McGartland: disabled after attack

An ex-IRA informer has asked the north's first minister, Peter Robinson, to find out why he has been refused a pension for his services to the British state.

Martin McGartland, who lives on £89 a week disability benefit at a secret location in Britain, was told MI5 had approved a pension for him. McGartland (39) was to be paid £350,000 over 26 years.

Details of the pension plan were sent to the Northern Ireland Office (NIO) and British Treasury solicitors. "In May 2008, my MI5 case worker told me that the NIO and British Treasury had also agreed to the pension. I was delighted," McGartland said.

"But a few weeks later, I was told there would be no pension. No reason was given. I suspect Sinn Féin heard about the pension and intervened to stop it. Sinn Féin is now well established in government – it has clout. I've written countless letters to MI5 asking for an explanation, but they won't reply."

McGartland was recruited by Special Branch to spy on republicans when he was 17. His handlers later asked him to infiltrate the IRA. His cover was blown in 1991. He was taken from Sinn Féin's Belfast headquarters to Twinbrook by Paul 'Chico' Hamilton, Gerry Adams' bodyguard, and Jim McCarthy, Adams' driver.

He was tied up and believed he was about to be killed. He escaped by jumping from a third-floor window, suffering serious injuries. He was again nearly killed by an IRA gunman who tracked him down in England in 1999. He was shot seven times.

The attack left him with a disability and unable to work. He suffers post-traumatic stress disorder. McGartland said: "When I was shot, I'd started a small property development business. I was only 29 and had good earning potential.

"Had a police officer or soldier been injured, they'd be entitled to a pension, so should I. After the shooting, my partner Jo had to give up work to look after me.

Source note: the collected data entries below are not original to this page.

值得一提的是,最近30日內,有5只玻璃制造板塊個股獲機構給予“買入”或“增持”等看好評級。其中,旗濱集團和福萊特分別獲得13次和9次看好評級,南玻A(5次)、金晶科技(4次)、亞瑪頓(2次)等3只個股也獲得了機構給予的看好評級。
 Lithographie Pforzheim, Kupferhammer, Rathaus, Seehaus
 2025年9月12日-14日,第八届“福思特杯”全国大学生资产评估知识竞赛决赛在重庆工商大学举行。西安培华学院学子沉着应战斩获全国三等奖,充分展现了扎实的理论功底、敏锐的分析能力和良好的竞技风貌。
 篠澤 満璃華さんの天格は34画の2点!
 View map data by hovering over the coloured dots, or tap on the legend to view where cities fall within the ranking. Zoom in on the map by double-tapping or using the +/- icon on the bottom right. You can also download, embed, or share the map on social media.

She now receives £53 a week carer's allowance. If I hadn't been shot, we'd today be earning at least £50,000 a year between us. Instead, we survive on a pittance."

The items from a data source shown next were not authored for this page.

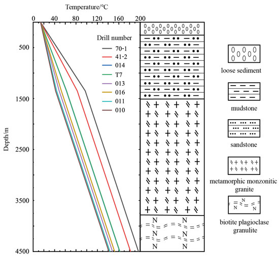 To investigate the deep high-temperature geothermal resource, multiple exploration wells were drilled in the Matouying geothermal field. The temperature logs of exploration wells with the lithologic feature are shown in Figure 2. The measured results indicate that there is a certain degree of heterogeneity in the geothermal gradient in the area, which generally shows that the change is relatively slow in the north and relatively large in the south offshore area. The Cenozoic geothermal gradient in the study area is 3.0–5.0 °C/hm, and the deep geothermal gradient is 3.2 °C/hm, which actually reflects the influence of thermal conductivity on geothermal gradient, as the thermal conductivity of granite and granulite is obviously higher than that of sandstone, mudstone, and loose sediment, generally. In fact, this phenomenon can also be observed in the drilling data of other geothermal fields, such as the Guide EGS field in Qingha, China, and the Feton Hill EGS field in New Mexico, USA. The maximum temperature 4000 m underground can reach 200 °C and the area where the temperature exceeds 150 °C exceeds 600 km2 in the study area. The reservoir lithology of the geothermal area from top to bottom is Quaternary loose sediment, Neogene mudstone–sandstone mixture, and Taikoo Temple formation metamorphic monzonitic granite and biotite plagioclase granulite.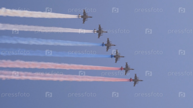 Штурмовики самолеты Су-25 летят в небе, оставляя за собой след дыма в виде трехцветного российского флага на тренировочном параде в честь победы в Великой Отечественной войне в мае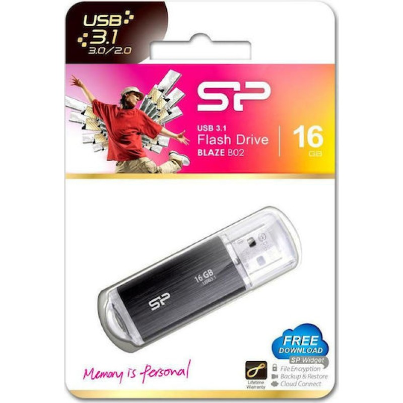 Silicon Power Blaze B02 16GB USB 3.2 Stick Μαύρο (SP016GBUF3B02V1K)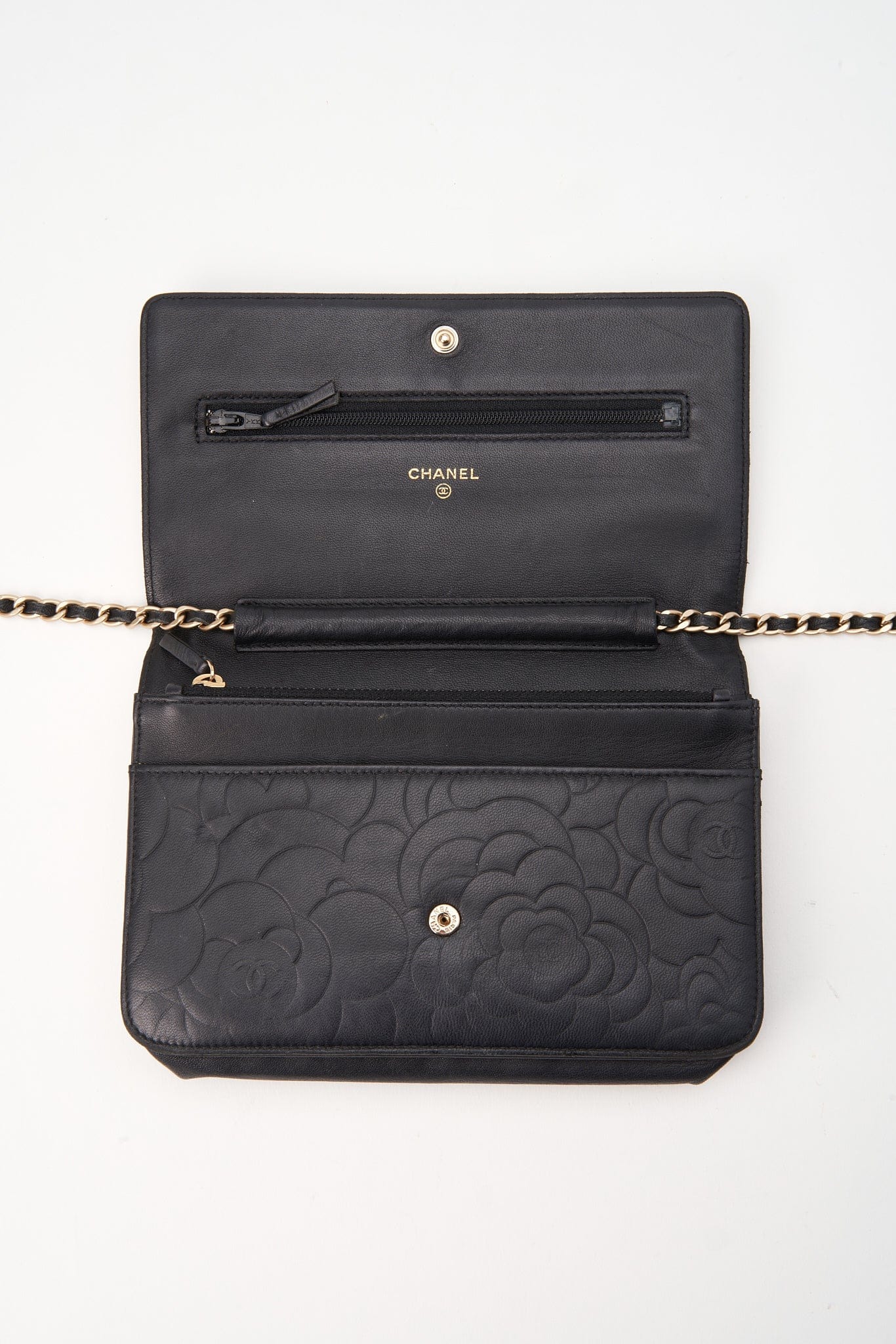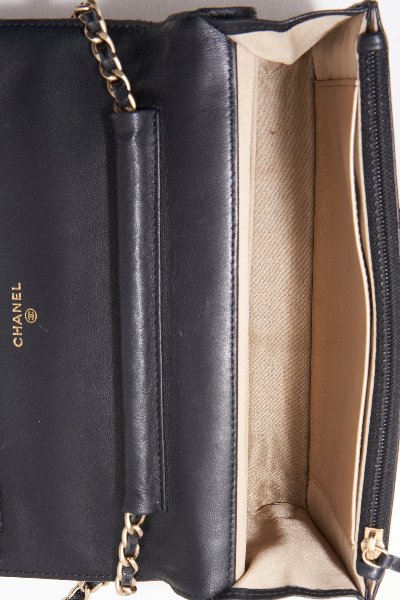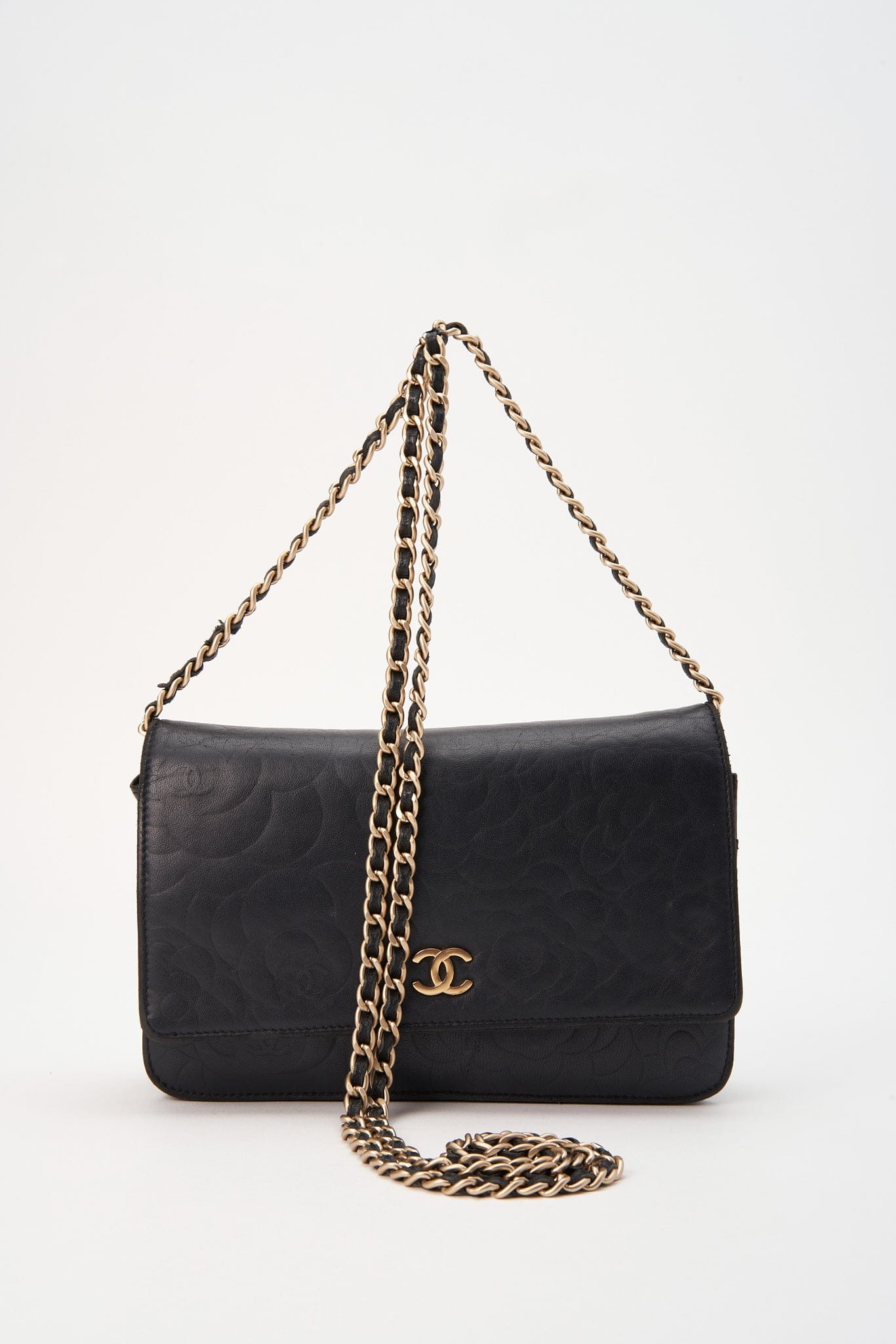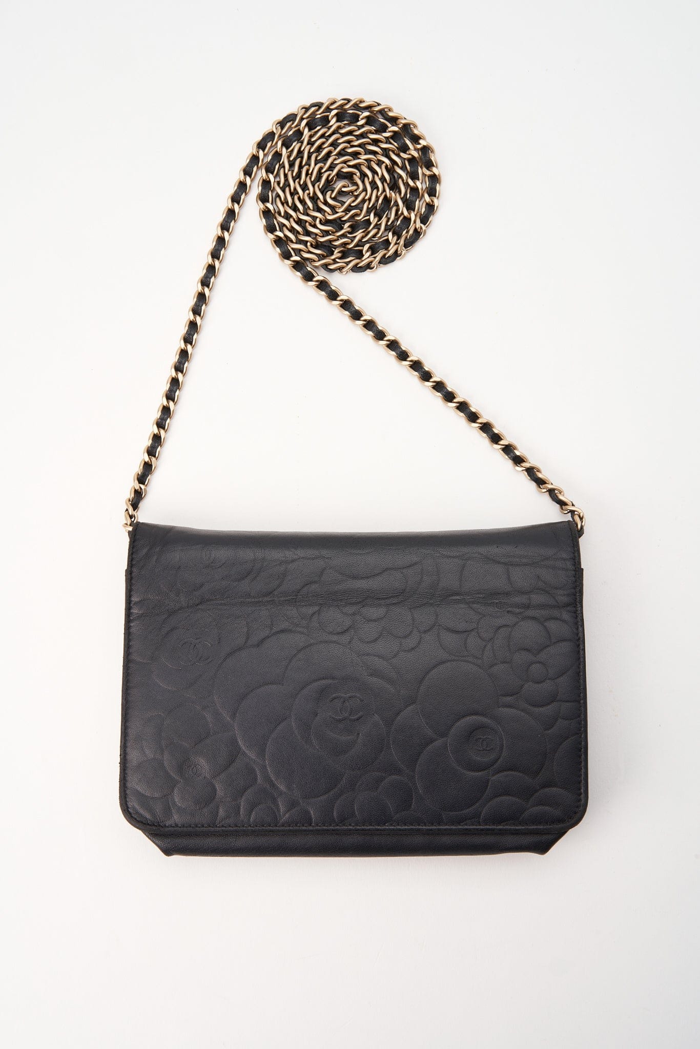 This Chanel wallet on chain, WOC, is crafted with black smooth lambskin leather embossed with a floral pattern, gold hardware and a single leather-trimmed chain-link shoulder strap.

McGartland said Freddie Scappaticci, an informer who ran the IRA's internal security department, and some other informers, were receiving pensions.

"I don't know why Freddie Scappaticci gets one and I don't. He wasn't kidnapped. He wasn't shot. Freddie Scappaticci was fit and well when he left Northern Ireland. Indeed, he was given a free run out by Sinn Féin and the IRA."